# COLLECTED DATA:
[Start of section]

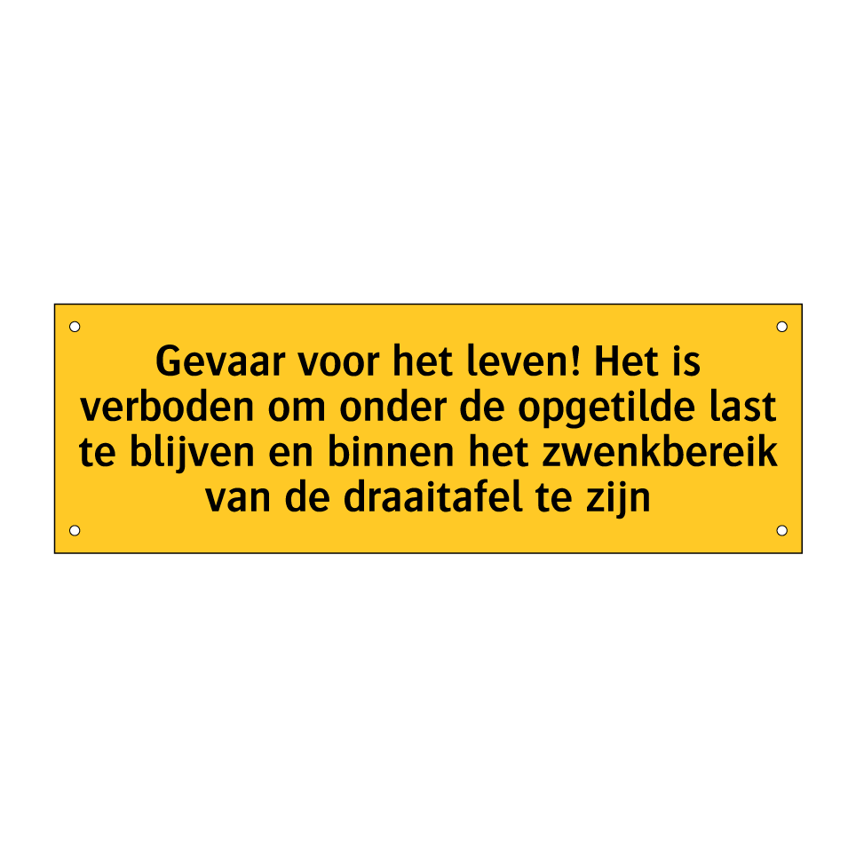 Waarschuwingsbord met de tekst Gevaar voor het leven! Het is verboden om onder de opgetilde last te blijven en binnen het zwenkbereik van de draaitafel te zijn
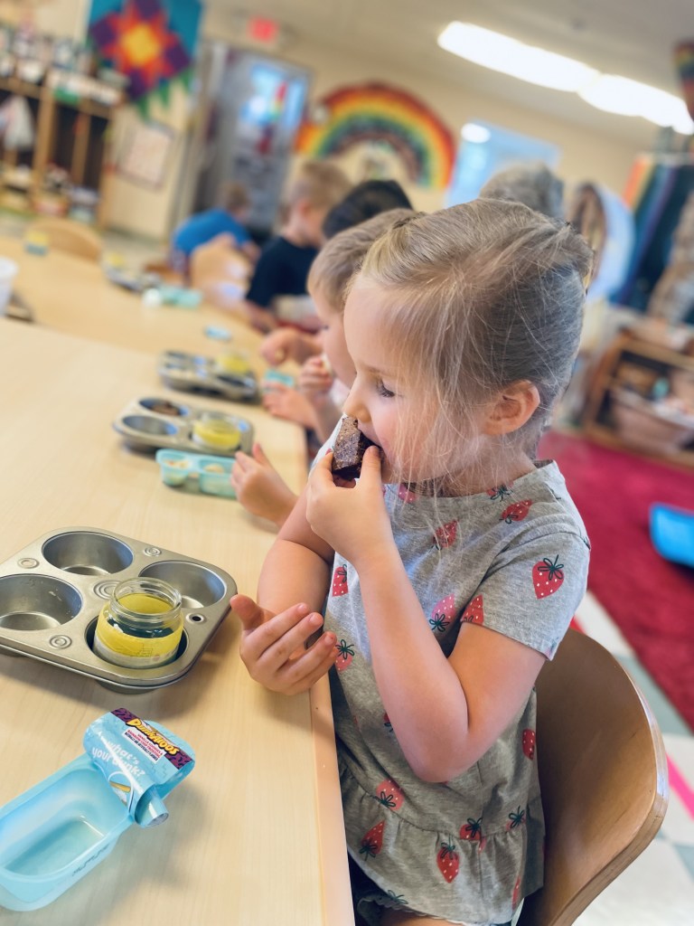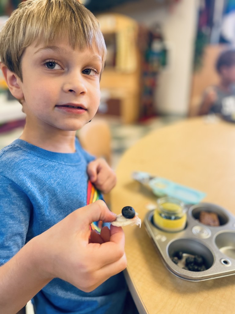 Today was a sweet day made sweeter by celebrating a birthday and having free reign on band aids. Grandma Bonnie has a routine of giving children turns to help in the kitchen which more and more are getting in on. This class continues to spend a lot of time at the Puzzle Corner and likes to share their successes. Read more to find out about our day.
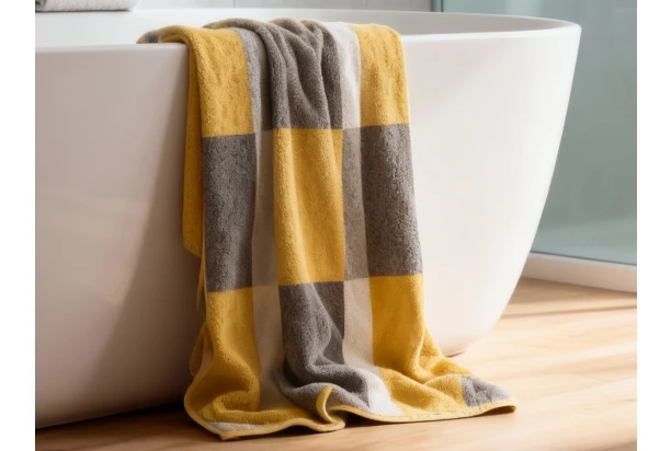 Froté uterák s moderným kockovaným vzorom v žltej farbe bude vašu pokožku dokonale rozmaznávať každý deň. Rozmer 50×100 cm.

[End of section]

# INSTRUCTIONS FOR THE TASK:
Where a picture appears in the material above, skip it, and print the rest exactly.

# ANSWER AREA:
 Waarschuwingsbord met de tekst Gevaar voor het leven! Het is verboden om onder de opgetilde last te blijven en binnen het zwenkbereik van de draaitafel te zijn
 Today was a sweet day made sweeter by celebrating a birthday and having free reign on band aids. Grandma Bonnie has a routine of giving children turns to help in the kitchen which more and more are getting in on. This class continues to spend a lot of time at the Puzzle Corner and likes to share their successes. Read more to find out about our day.
 Froté uterák s moderným kockovaným vzorom v žltej farbe bude vašu pokožku dokonale rozmaznávať každý deň. Rozmer 50×100 cm.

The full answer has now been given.